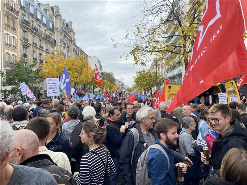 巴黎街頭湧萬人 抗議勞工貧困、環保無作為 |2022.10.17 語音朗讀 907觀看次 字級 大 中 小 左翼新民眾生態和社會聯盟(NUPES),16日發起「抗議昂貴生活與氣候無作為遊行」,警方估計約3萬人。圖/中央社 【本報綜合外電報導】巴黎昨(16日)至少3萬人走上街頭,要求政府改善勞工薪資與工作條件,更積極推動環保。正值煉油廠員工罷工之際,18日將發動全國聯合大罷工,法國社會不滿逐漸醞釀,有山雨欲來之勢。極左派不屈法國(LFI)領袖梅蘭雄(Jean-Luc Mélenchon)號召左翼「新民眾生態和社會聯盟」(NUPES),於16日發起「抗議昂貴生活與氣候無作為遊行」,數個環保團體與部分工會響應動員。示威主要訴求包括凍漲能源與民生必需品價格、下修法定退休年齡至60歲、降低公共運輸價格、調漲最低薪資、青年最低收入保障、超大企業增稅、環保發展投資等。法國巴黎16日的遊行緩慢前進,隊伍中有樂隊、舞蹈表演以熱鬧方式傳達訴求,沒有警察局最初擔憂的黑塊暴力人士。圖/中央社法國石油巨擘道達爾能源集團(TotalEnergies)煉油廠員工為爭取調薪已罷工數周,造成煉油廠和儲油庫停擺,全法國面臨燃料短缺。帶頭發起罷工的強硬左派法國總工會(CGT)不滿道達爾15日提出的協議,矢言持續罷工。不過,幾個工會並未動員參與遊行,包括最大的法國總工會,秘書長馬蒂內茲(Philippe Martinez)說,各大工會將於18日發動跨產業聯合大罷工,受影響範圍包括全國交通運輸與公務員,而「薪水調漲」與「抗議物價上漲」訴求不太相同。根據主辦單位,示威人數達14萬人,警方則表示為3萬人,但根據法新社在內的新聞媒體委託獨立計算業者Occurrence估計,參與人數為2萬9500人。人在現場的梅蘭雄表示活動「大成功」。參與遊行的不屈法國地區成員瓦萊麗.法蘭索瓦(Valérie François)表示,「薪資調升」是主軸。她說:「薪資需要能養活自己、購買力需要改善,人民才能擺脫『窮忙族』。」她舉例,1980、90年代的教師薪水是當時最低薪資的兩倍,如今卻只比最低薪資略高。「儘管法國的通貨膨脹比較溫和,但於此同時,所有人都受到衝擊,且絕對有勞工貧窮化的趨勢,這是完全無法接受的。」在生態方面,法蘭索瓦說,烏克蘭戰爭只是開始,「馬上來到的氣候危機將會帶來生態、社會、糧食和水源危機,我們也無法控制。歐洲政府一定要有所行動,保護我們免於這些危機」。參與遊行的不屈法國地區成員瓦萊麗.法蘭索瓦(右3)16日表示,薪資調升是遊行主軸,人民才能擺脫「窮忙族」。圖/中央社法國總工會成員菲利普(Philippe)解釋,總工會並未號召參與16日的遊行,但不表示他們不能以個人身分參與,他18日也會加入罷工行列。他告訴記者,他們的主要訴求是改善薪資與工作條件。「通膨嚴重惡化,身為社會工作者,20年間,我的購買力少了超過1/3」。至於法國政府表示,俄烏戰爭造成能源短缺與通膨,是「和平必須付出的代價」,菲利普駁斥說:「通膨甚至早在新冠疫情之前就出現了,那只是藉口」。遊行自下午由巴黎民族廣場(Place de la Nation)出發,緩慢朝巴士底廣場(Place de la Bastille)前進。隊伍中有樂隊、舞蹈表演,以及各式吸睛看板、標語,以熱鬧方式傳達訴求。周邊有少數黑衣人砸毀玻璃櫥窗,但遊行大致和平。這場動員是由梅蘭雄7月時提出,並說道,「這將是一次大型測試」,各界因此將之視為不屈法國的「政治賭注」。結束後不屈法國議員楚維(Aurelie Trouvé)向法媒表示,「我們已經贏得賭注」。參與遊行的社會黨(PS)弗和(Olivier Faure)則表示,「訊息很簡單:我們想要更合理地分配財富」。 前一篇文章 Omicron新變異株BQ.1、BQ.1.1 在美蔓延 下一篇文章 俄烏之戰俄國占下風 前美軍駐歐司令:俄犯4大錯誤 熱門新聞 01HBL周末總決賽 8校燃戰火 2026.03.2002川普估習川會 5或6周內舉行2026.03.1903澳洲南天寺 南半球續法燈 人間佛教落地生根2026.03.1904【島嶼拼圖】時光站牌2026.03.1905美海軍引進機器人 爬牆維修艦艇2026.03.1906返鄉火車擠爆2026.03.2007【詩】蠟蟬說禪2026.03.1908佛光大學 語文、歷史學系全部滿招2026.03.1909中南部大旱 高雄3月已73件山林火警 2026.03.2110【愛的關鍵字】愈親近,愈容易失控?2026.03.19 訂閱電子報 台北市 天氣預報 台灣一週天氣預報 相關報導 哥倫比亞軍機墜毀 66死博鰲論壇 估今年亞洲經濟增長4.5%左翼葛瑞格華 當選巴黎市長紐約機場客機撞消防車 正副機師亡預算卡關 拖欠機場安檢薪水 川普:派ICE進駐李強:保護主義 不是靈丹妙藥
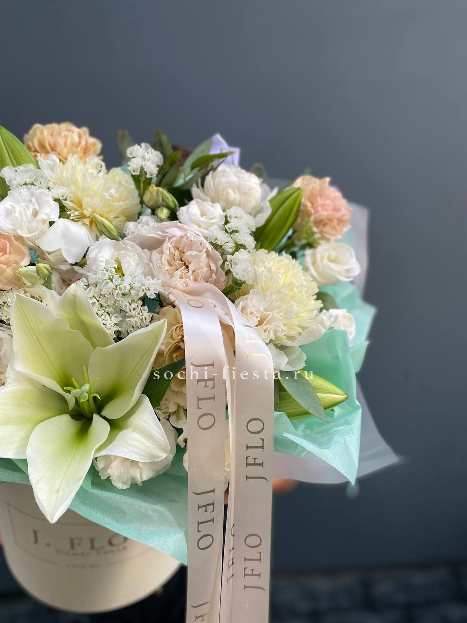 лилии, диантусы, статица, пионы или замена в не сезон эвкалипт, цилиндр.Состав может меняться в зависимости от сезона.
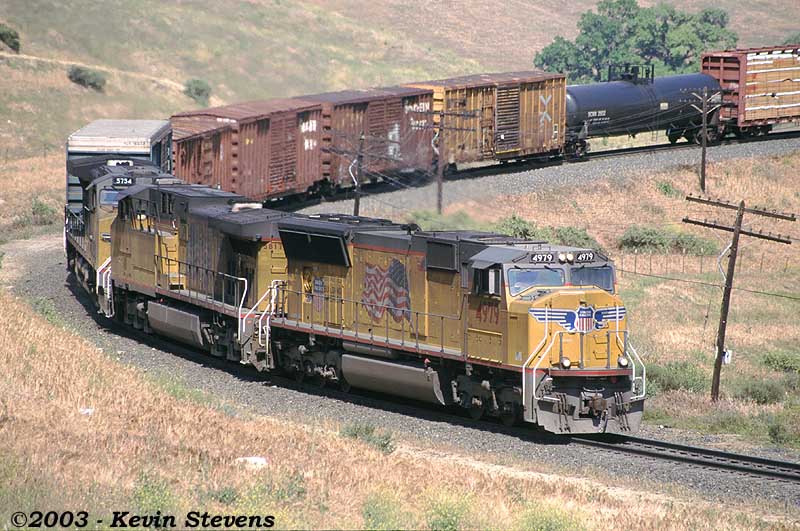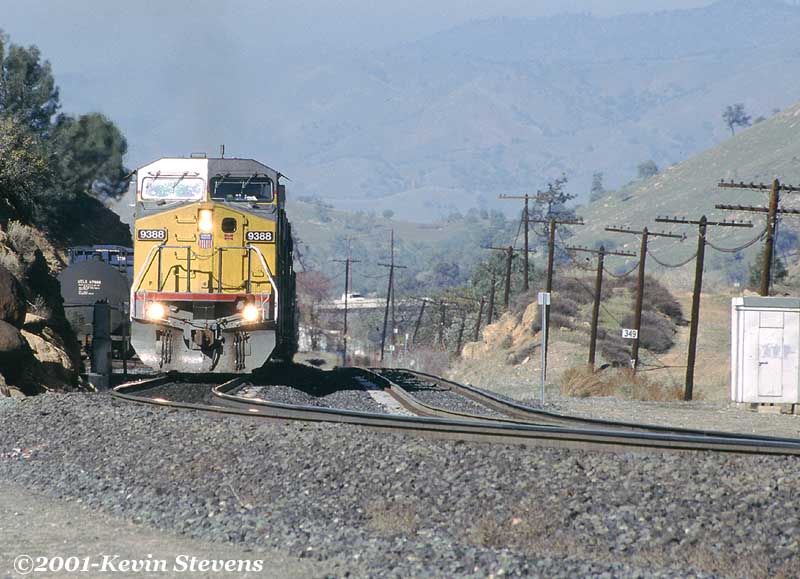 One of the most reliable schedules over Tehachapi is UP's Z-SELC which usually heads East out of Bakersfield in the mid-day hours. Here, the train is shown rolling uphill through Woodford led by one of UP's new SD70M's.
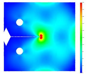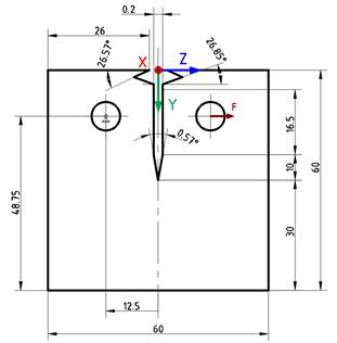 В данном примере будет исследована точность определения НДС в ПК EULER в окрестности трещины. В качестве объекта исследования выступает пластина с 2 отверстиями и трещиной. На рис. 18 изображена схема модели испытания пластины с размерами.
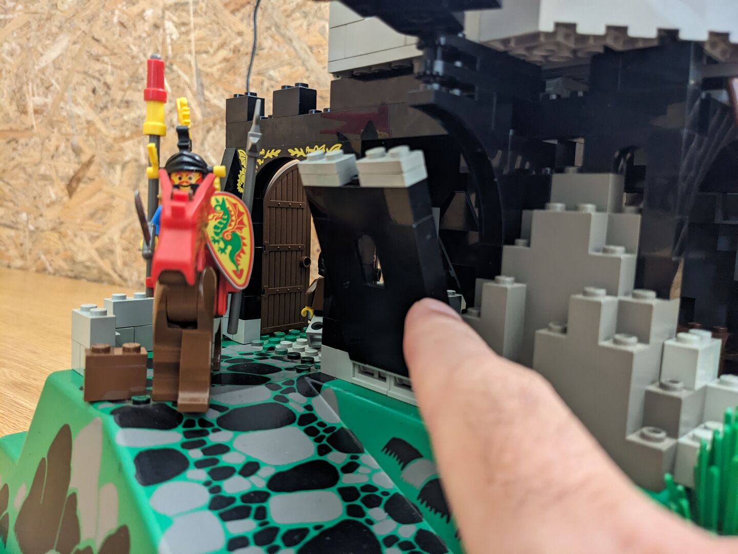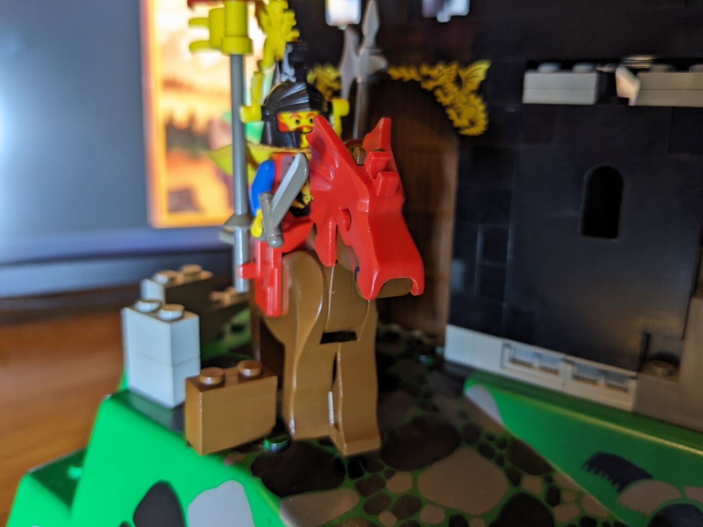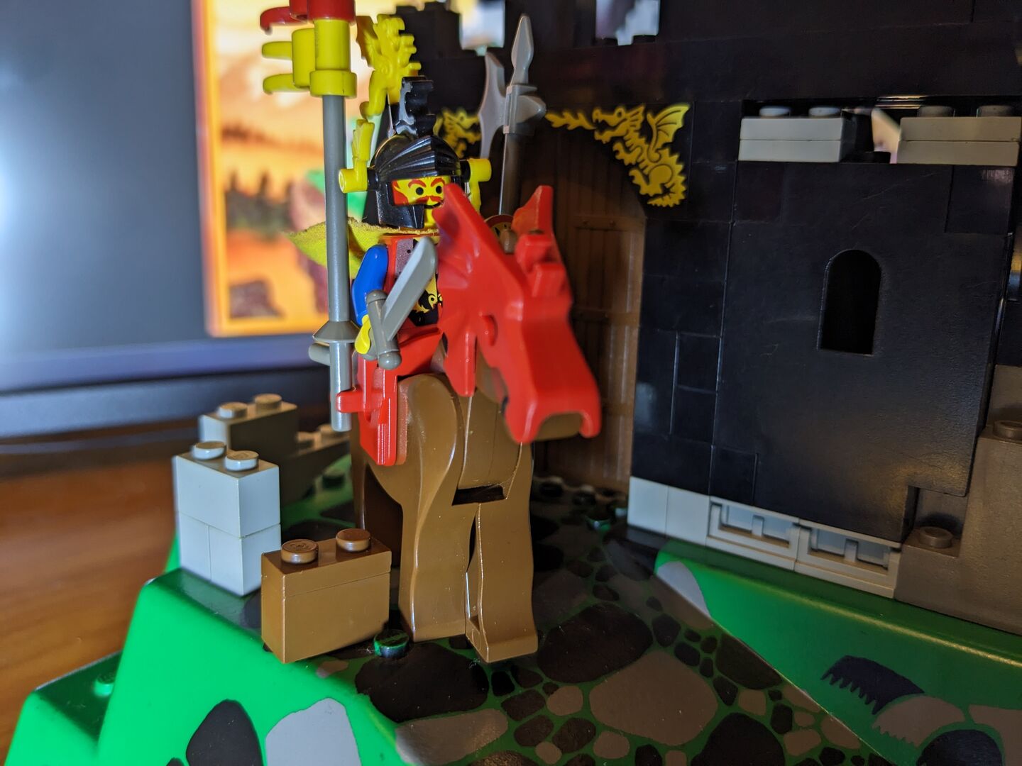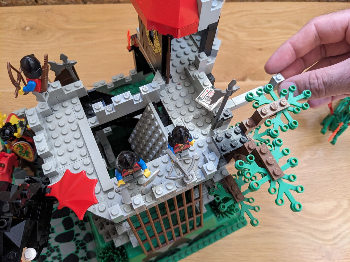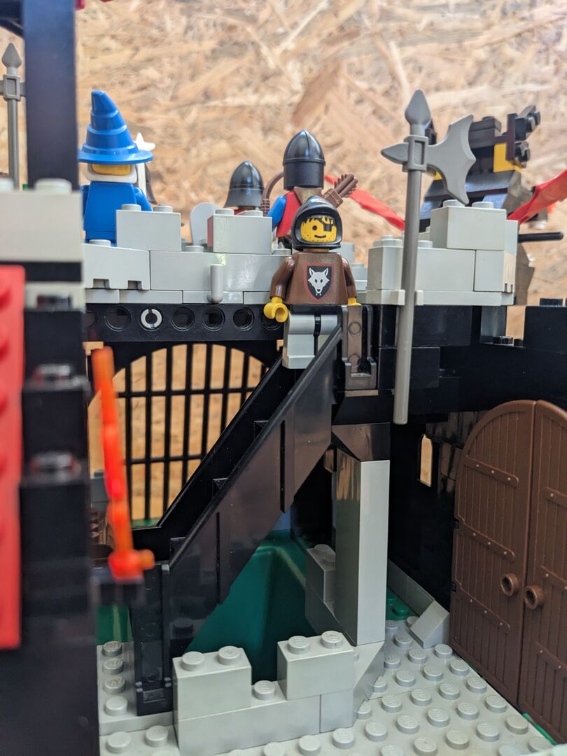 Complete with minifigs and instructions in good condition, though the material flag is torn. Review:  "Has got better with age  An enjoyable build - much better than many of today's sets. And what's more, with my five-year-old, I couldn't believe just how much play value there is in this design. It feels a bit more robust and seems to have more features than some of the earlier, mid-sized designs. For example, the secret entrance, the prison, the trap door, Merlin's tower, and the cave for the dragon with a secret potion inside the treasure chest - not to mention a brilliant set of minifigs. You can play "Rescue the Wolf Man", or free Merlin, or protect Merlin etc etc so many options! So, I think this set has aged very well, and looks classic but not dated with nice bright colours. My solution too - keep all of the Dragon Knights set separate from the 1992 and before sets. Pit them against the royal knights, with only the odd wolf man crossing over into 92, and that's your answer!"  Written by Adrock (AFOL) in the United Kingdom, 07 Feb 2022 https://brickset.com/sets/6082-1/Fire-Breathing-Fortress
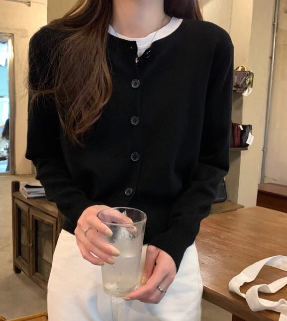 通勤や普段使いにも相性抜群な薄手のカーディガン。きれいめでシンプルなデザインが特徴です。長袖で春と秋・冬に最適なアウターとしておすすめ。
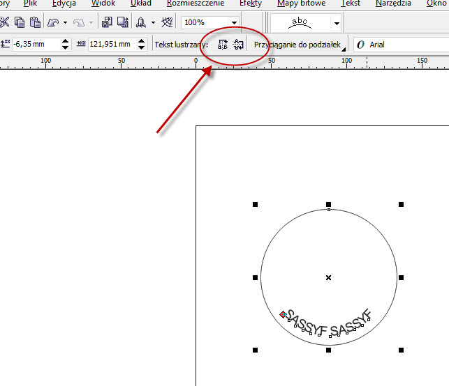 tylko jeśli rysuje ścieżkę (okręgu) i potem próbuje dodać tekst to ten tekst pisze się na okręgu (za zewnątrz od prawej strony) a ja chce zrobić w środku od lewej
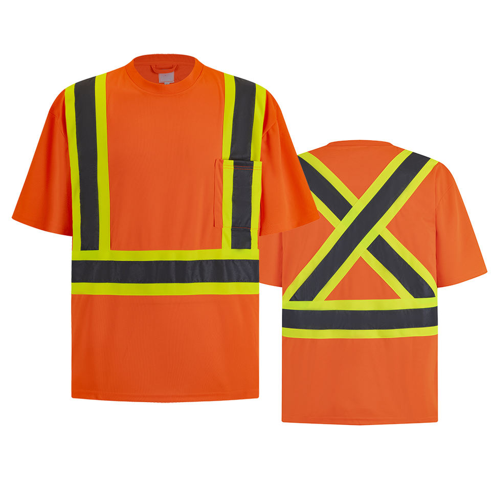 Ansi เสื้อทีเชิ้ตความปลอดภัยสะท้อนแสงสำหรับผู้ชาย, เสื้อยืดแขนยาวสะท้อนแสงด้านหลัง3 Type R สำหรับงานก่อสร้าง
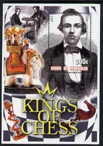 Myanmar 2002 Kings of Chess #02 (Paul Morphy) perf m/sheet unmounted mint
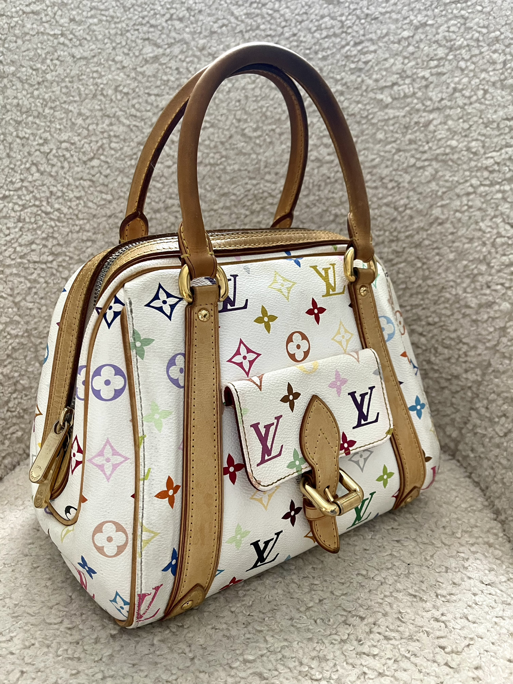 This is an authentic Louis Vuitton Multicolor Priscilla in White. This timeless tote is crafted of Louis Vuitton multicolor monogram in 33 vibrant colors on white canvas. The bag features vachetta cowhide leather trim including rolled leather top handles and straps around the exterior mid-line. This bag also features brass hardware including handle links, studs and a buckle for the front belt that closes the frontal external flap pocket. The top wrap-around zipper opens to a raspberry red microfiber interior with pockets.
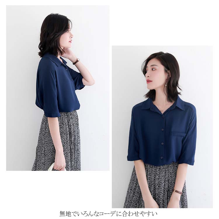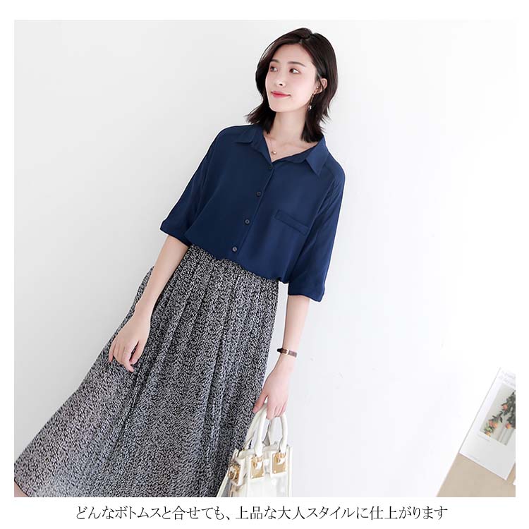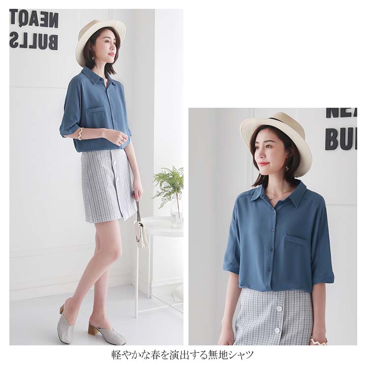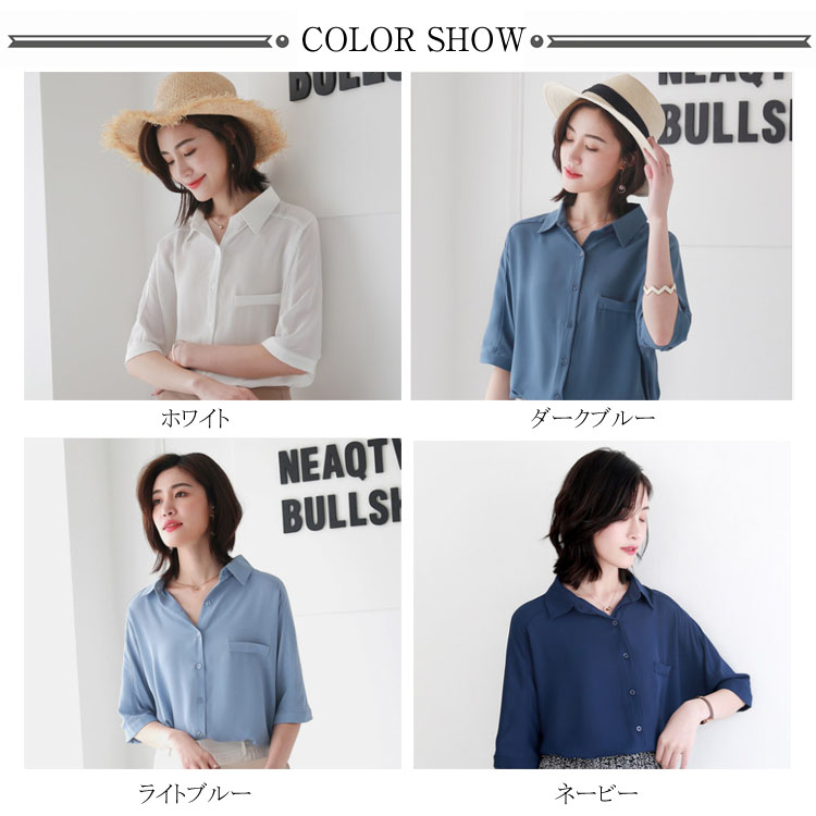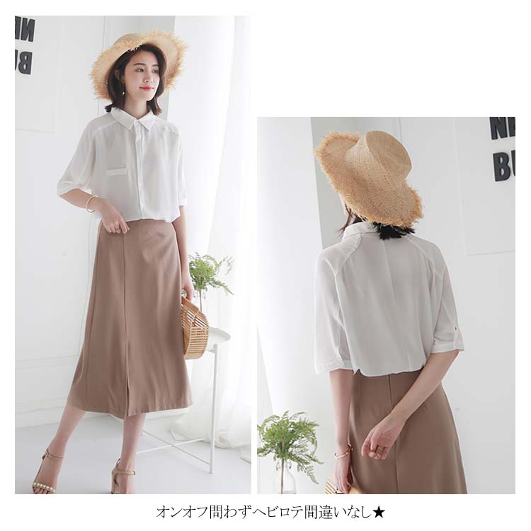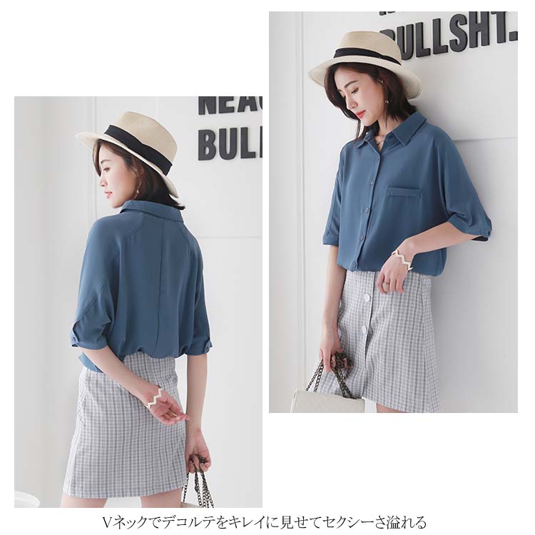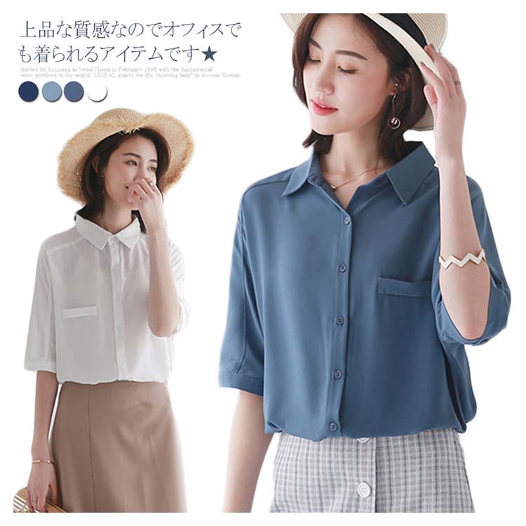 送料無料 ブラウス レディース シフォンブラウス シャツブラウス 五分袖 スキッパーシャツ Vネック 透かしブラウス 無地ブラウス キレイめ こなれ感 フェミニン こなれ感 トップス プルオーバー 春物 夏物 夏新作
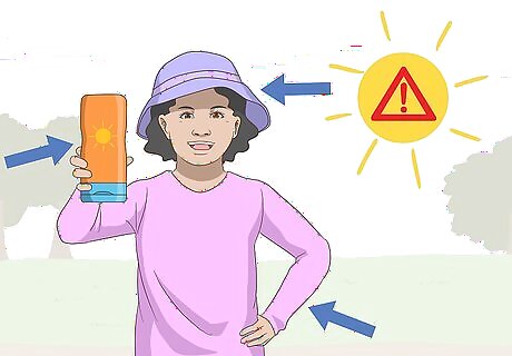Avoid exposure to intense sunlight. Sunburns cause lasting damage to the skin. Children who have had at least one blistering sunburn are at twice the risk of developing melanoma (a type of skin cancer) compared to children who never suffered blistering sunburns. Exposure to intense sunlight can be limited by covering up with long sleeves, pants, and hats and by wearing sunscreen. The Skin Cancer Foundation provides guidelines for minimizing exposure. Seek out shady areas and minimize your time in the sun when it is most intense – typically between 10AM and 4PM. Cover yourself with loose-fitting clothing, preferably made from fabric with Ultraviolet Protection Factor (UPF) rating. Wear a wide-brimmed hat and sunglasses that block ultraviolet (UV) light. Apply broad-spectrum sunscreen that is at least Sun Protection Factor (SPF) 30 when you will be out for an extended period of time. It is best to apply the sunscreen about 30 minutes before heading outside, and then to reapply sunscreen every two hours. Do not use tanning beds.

◆ ◆ ◆

What you have to do
Only one stretch of the material above is wanted: the line containing "This is an authentic" through the line containing "送料無料 ブラウス レディース". Restate it word for word, minus the pictures.

Exercise output
 This is an authentic Louis Vuitton Multicolor Priscilla in White. This timeless tote is crafted of Louis Vuitton multicolor monogram in 33 vibrant colors on white canvas. The bag features vachetta cowhide leather trim including rolled leather top handles and straps around the exterior mid-line. This bag also features brass hardware including handle links, studs and a buckle for the front belt that closes the frontal external flap pocket. The top wrap-around zipper opens to a raspberry red microfiber interior with pockets.
 送料無料 ブラウス レディース シフォンブラウス シャツブラウス 五分袖 スキッパーシャツ Vネック 透かしブラウス 無地ブラウス キレイめ こなれ感 フェミニン こなれ感 トップス プルオーバー 春物 夏物 夏新作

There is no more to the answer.